> [Exercise details]:
All of the records below are to be printed exactly; the pictures are to be left out.

> [Data extract]:
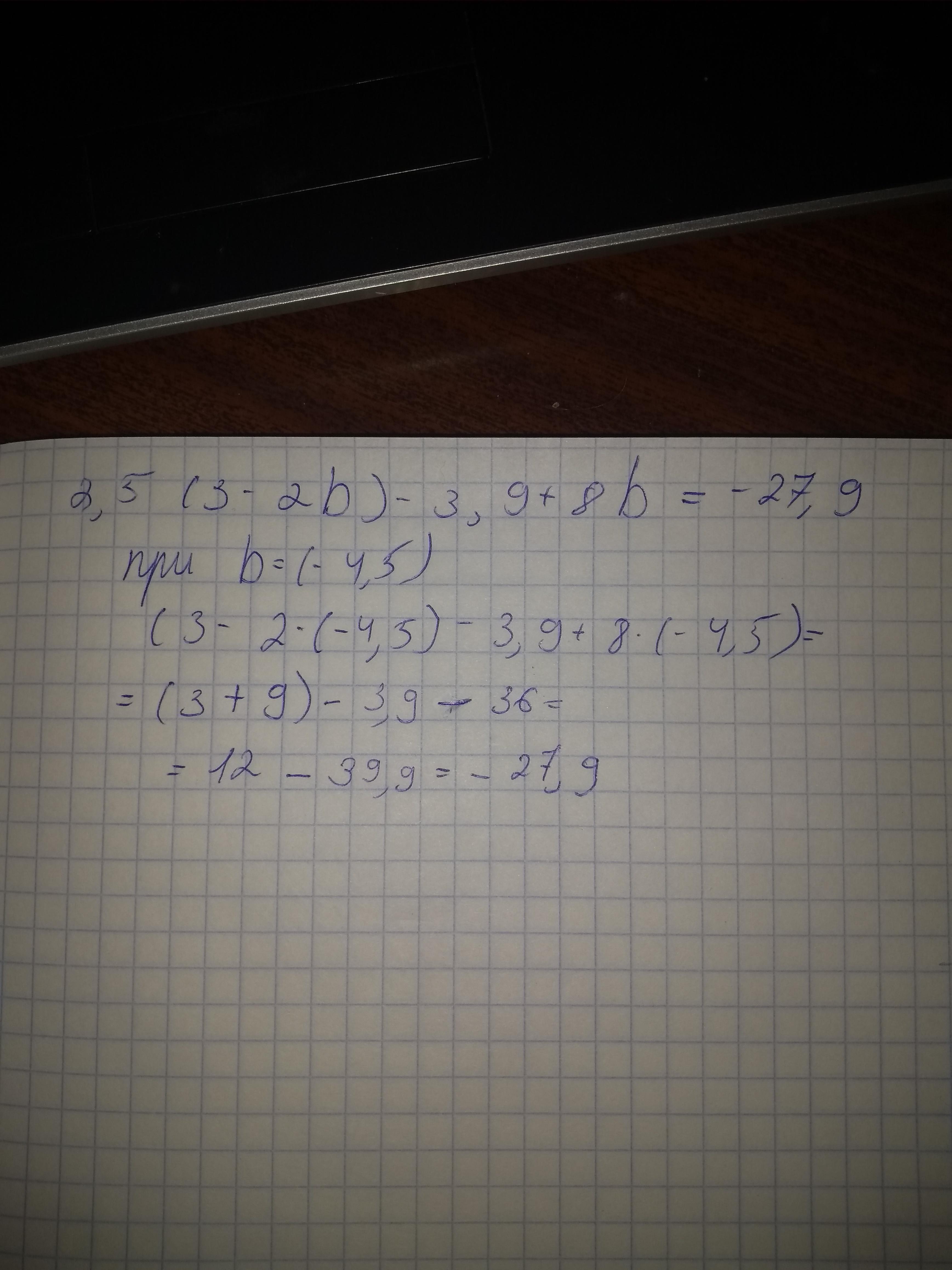 2,5 · (3 – 2b) – 3,9 + 8b при b = (- 4,5)
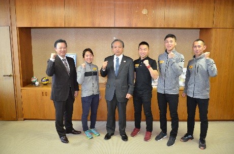 3月2日から13日までの日程で、鹿屋市でスポーツ合宿を行う日本食研実業団トライアスロン部の田中麻優選手、古山大選手、岩本敏選手と鈴木部長、佐藤ヘッドコーチが合宿等の報告にお越しくださいました。7日には、同部の平松コーチ兼選手による中学生以上の競技者とその指導者、保護者等を対象とするスポーツセミナーもリナシティかのやで開催されます。最近は、トライアスロンをする人(選手)も見る人(応援)もより楽しめるレースが増えてきています。
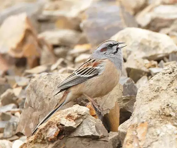 叫声:鸣声多变且似灰眉岩鹀,但由更高音的tsitt音节导出。叫声为细而拖长的tzii及生硬的pett pett声。
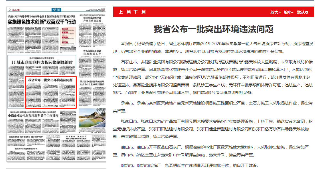 邢台市。河北运良机械制造股份有限公司焊接工序污染防治设施擅自停运,废气直排。邢台建工商品混凝土有限公司批建不符,擅自增加2台筛沙设备。
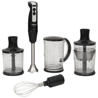 يتضمن الطقم قطاعة صغيرة بغطاء وكوب وملحقات للخلط ومضرب. الساق المعدنية تطيل عمر المنتج. تمنح الشركة المصنعة ضمانًا لمدة عامين عليها..
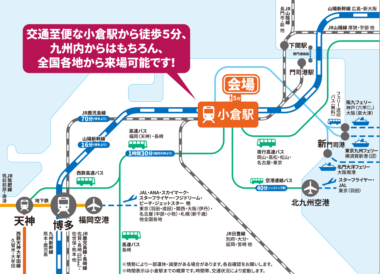 九州内はもちろん、全国各地からのアクセスが容易です。
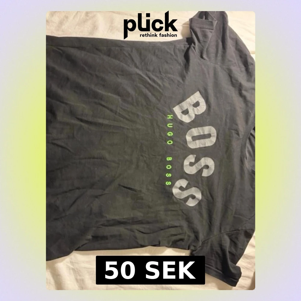 Svart t-shirt från Hugo Boss med stort BOSS-tryck i grått och grönt framtill. Klassisk rund halsringning och korta ärmar. Perfekt för en stilren och avslappnad look.
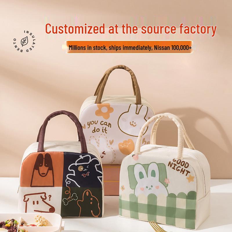 Compact Insulated Bento Lunch Bag with Thickened Aluminum Foil - Cute Cartoon Design for Students
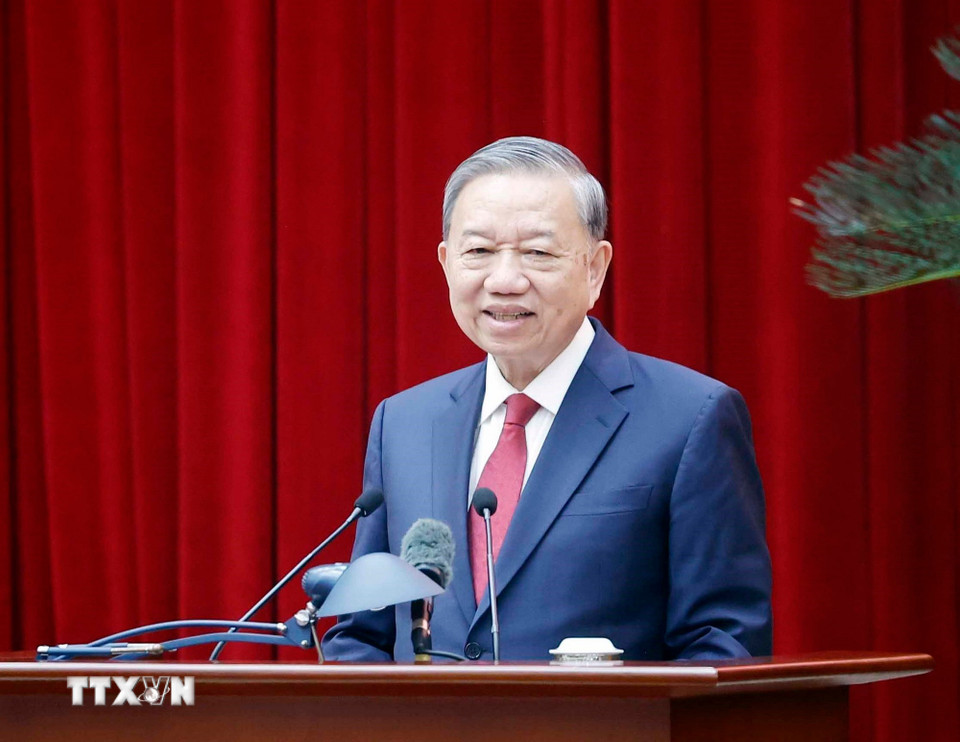 Tổng Bí thư Tô Lâm phát biểu tại cuộc gặp mặt thành viên Tiểu ban chuẩn bị Đại hội XIV của Đảng và Ban Chỉ đạo Tổng kết 40 năm đổi mới. (Ảnh: Thống Nhất/TTXVN)
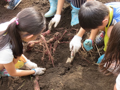 「やった!大きいの発見!」「根っこばかりでさつまいもがいません!」などなど、さまざまな声が飛び交いました。また、芋ほりに苦戦している下級生を優しく手伝う上級生の姿が印象的でした。
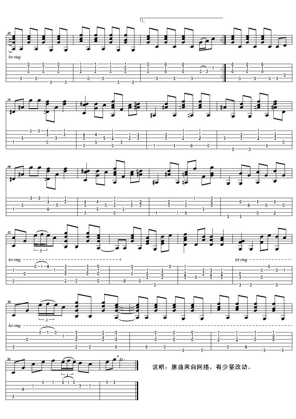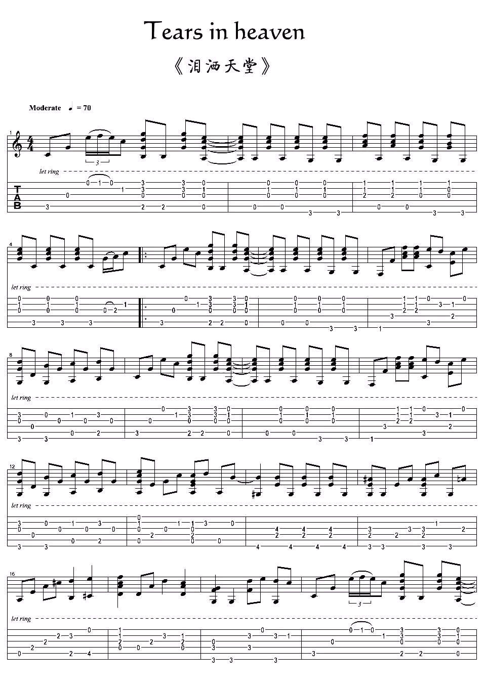 Tears in Heaven指弹谱,泪洒天堂吉他独奏谱,两张图片谱,原曲来自网络,有少量改动,吉他吧网站上传分享。 这是艾里克·克莱普顿的经典代表作品,透着一种被悲伤滤过的安慰情殇,在悲哀奠定的大基调下,却诉说得恰是轻柔。
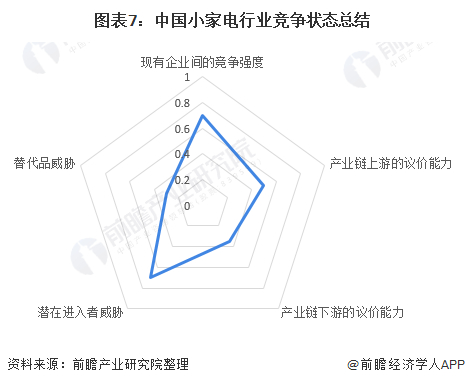 从五力竞争模型角度分析,目前,我国小家电行业属于传统行业,替代品威胁较小;现有竞争者数量较多,但市场集中度较高;上游供应商一般为基础制作、金属、材料以及电子芯片等企业,议价能力适中,而下游消费市场主要是消费者,议价能力较弱;同时,因行业技术门槛较低,潜在进入者威胁较大。
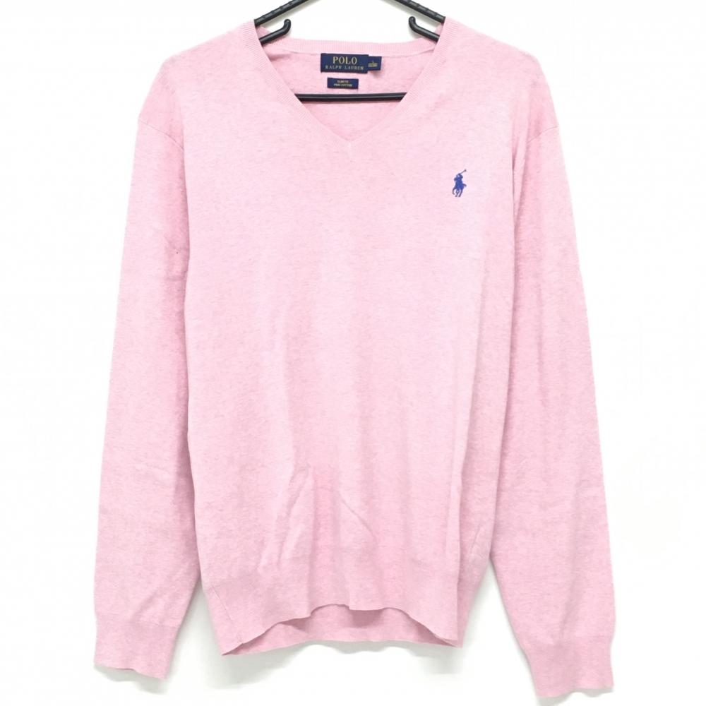【美品】パーリーゲイツ セーター ピンク×ネイビー 一部メッシュ ニット レディース 1(M) ゴルフウェア PEARLY GATES

> [Output below]:
 2,5 · (3 – 2b) – 3,9 + 8b при b = (- 4,5)
 3月2日から13日までの日程で、鹿屋市でスポーツ合宿を行う日本食研実業団トライアスロン部の田中麻優選手、古山大選手、岩本敏選手と鈴木部長、佐藤ヘッドコーチが合宿等の報告にお越しくださいました。7日には、同部の平松コーチ兼選手による中学生以上の競技者とその指導者、保護者等を対象とするスポーツセミナーもリナシティかのやで開催されます。最近は、トライアスロンをする人(選手)も見る人(応援)もより楽しめるレースが増えてきています。
 叫声:鸣声多变且似灰眉岩鹀,但由更高音的tsitt音节导出。叫声为细而拖长的tzii及生硬的pett pett声。
 邢台市。河北运良机械制造股份有限公司焊接工序污染防治设施擅自停运,废气直排。邢台建工商品混凝土有限公司批建不符,擅自增加2台筛沙设备。
 يتضمن الطقم قطاعة صغيرة بغطاء وكوب وملحقات للخلط ومضرب. الساق المعدنية تطيل عمر المنتج. تمنح الشركة المصنعة ضمانًا لمدة عامين عليها..
 九州内はもちろん、全国各地からのアクセスが容易です。
 Svart t-shirt från Hugo Boss med stort BOSS-tryck i grått och grönt framtill. Klassisk rund halsringning och korta ärmar. Perfekt för en stilren och avslappnad look.
 Compact Insulated Bento Lunch Bag with Thickened Aluminum Foil - Cute Cartoon Design for Students
 Tổng Bí thư Tô Lâm phát biểu tại cuộc gặp mặt thành viên Tiểu ban chuẩn bị Đại hội XIV của Đảng và Ban Chỉ đạo Tổng kết 40 năm đổi mới. (Ảnh: Thống Nhất/TTXVN)
 「やった!大きいの発見!」「根っこばかりでさつまいもがいません!」などなど、さまざまな声が飛び交いました。また、芋ほりに苦戦している下級生を優しく手伝う上級生の姿が印象的でした。
 Tears in Heaven指弹谱,泪洒天堂吉他独奏谱,两张图片谱,原曲来自网络,有少量改动,吉他吧网站上传分享。 这是艾里克·克莱普顿的经典代表作品,透着一种被悲伤滤过的安慰情殇,在悲哀奠定的大基调下,却诉说得恰是轻柔。
 从五力竞争模型角度分析,目前,我国小家电行业属于传统行业,替代品威胁较小;现有竞争者数量较多,但市场集中度较高;上游供应商一般为基础制作、金属、材料以及电子芯片等企业,议价能力适中,而下游消费市场主要是消费者,议价能力较弱;同时,因行业技术门槛较低,潜在进入者威胁较大。
【美品】パーリーゲイツ セーター ピンク×ネイビー 一部メッシュ ニット レディース 1(M) ゴルフウェア PEARLY GATES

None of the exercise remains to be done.